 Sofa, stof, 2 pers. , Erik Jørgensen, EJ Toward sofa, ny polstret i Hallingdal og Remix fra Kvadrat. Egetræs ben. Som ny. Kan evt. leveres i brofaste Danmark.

== == ==

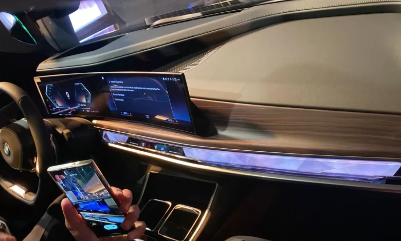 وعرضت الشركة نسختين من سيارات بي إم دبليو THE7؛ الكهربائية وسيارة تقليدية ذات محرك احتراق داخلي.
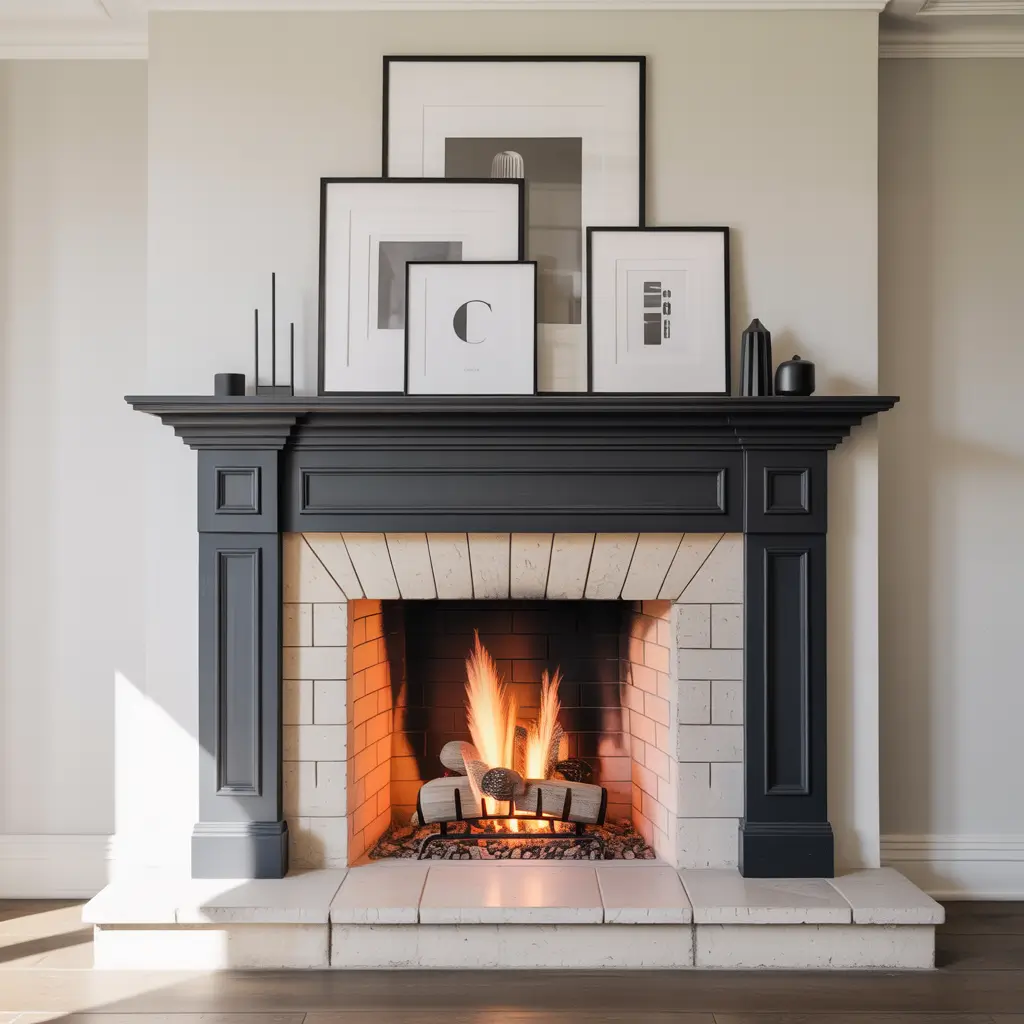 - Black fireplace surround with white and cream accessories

== == ==

AIM OF THE EXERCISE >> Find the line with "وعرضت الشركة نسختين" and the line with "- Black fireplace" in the records above. Copy both and all lines between them exactly, without pictures.

SOLUTION TO THE PROBLEM >>
 وعرضت الشركة نسختين من سيارات بي إم دبليو THE7؛ الكهربائية وسيارة تقليدية ذات محرك احتراق داخلي.
 - Black fireplace surround with white and cream accessories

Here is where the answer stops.